*Work item:* Look through the data below and extract, unchanged, the lines from the one that contains "Cambridge ESTR1MTCB1BM 8-Piece" to the one that contains "Callus Remover es", both included.

*Records for this task:*
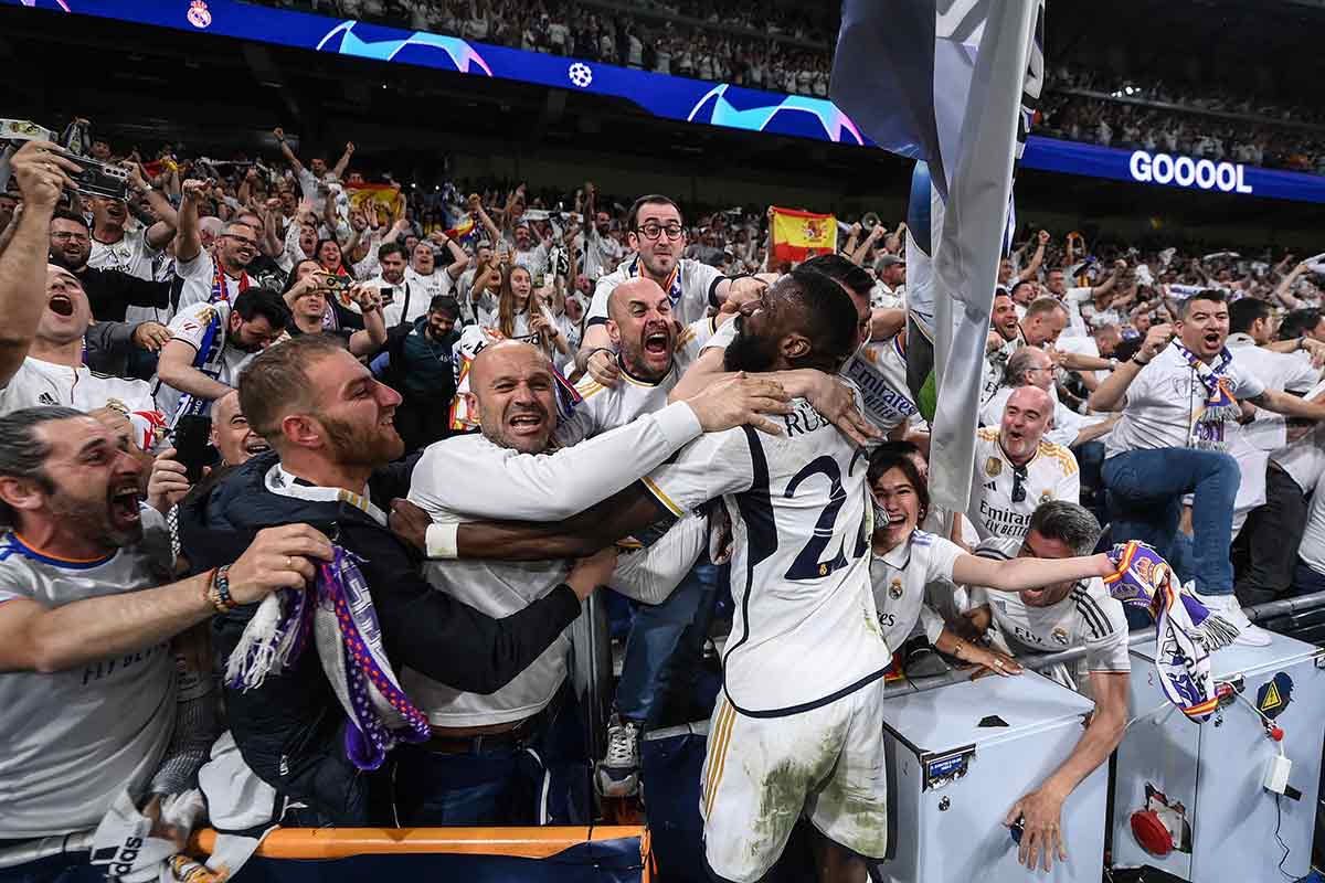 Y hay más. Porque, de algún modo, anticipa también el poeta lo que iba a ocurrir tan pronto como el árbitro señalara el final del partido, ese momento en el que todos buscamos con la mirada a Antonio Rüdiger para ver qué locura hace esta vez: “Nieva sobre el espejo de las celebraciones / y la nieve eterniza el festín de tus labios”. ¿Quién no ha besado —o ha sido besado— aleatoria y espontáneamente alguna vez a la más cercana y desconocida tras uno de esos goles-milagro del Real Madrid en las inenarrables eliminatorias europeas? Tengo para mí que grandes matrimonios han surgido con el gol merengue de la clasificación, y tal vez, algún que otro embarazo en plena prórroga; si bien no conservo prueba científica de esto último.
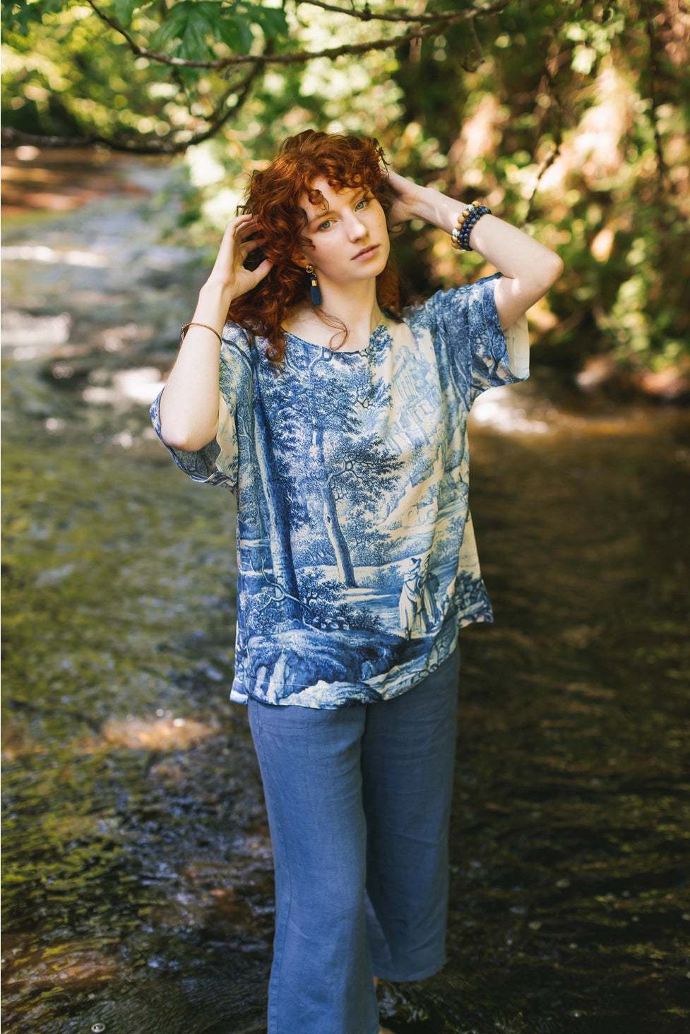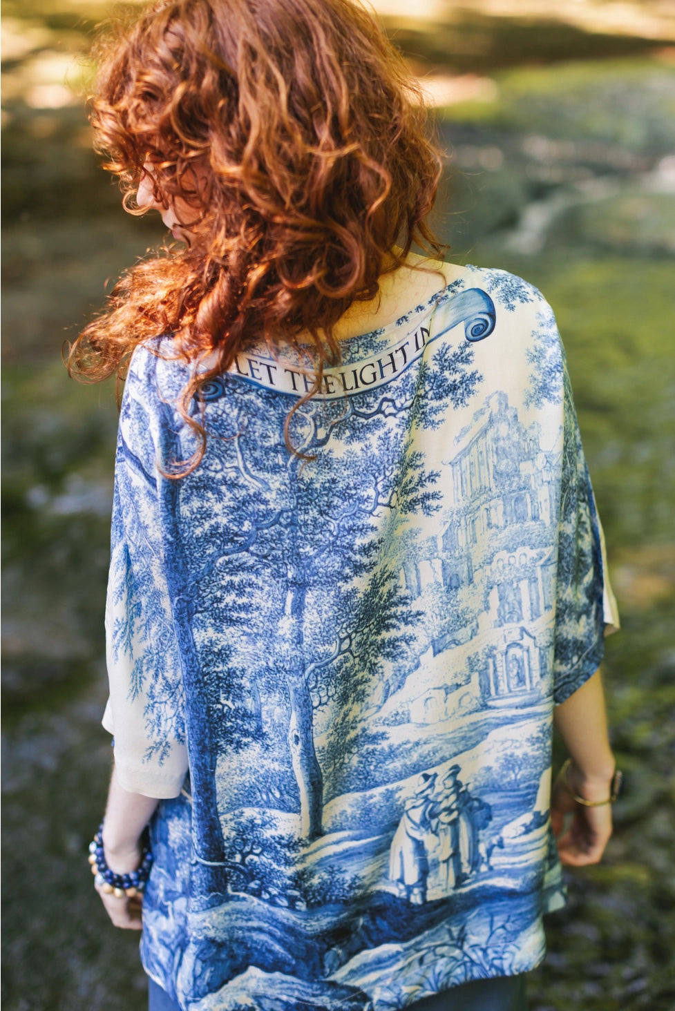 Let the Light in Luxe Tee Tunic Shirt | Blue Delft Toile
==
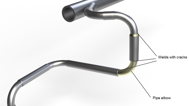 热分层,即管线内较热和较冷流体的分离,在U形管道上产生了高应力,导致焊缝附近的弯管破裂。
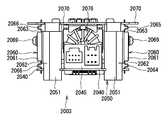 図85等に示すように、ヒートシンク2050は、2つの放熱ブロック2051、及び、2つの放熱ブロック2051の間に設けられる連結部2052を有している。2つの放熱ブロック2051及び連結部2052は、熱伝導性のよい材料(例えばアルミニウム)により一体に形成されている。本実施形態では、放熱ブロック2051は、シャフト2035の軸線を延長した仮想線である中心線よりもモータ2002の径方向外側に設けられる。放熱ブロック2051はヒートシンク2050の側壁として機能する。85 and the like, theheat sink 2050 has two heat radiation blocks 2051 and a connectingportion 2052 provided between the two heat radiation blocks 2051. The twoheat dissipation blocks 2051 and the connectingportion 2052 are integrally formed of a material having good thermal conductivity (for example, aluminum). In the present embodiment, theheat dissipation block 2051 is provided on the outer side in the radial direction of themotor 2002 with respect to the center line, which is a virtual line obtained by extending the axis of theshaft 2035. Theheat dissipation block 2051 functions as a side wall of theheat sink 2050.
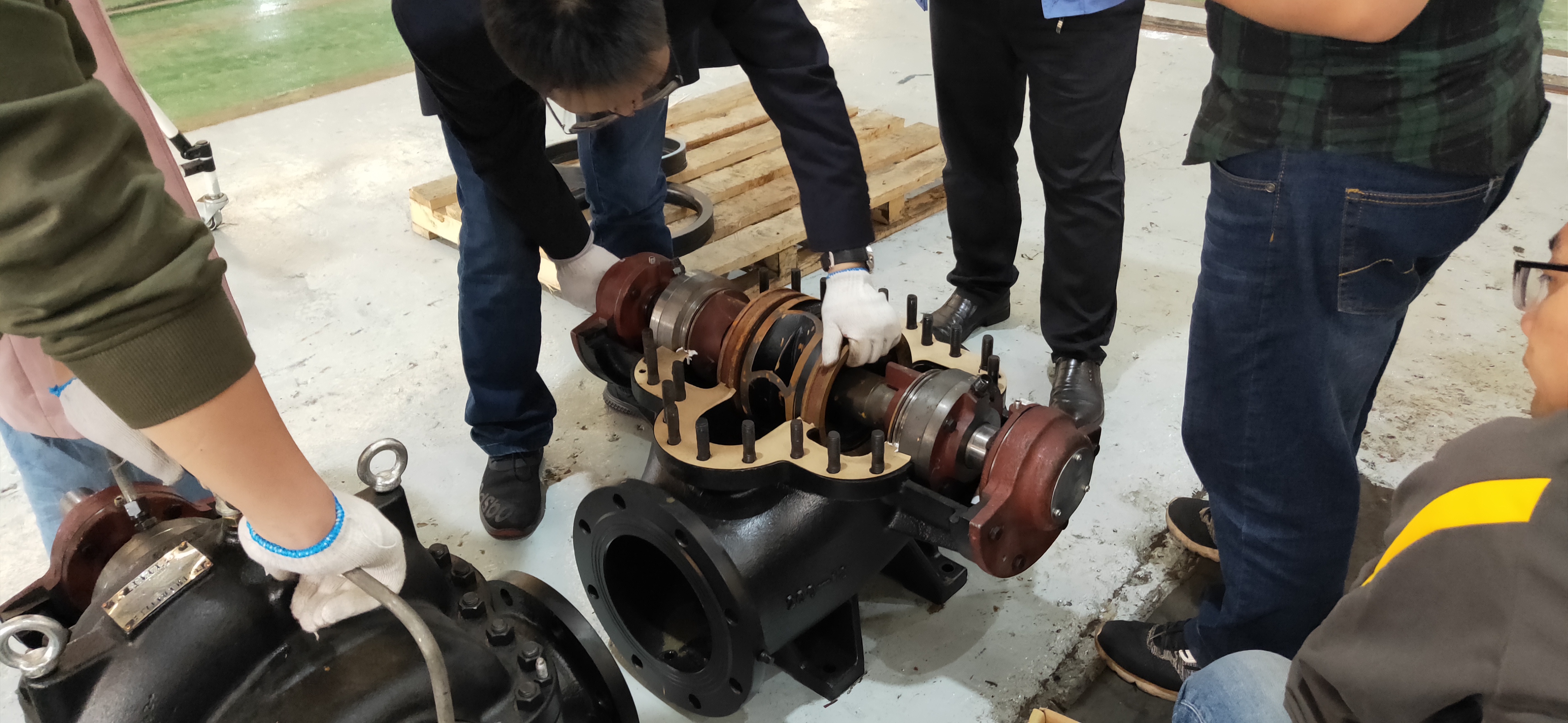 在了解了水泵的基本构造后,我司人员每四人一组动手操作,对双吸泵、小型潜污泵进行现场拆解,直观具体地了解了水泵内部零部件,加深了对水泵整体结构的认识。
--
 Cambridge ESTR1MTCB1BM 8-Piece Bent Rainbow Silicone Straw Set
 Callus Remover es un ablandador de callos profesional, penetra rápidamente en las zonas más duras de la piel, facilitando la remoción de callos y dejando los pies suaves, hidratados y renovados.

*Task result:*
 Cambridge ESTR1MTCB1BM 8-Piece Bent Rainbow Silicone Straw Set
 Callus Remover es un ablandador de callos profesional, penetra rápidamente en las zonas más duras de la piel, facilitando la remoción de callos y dejando los pies suaves, hidratados y renovados.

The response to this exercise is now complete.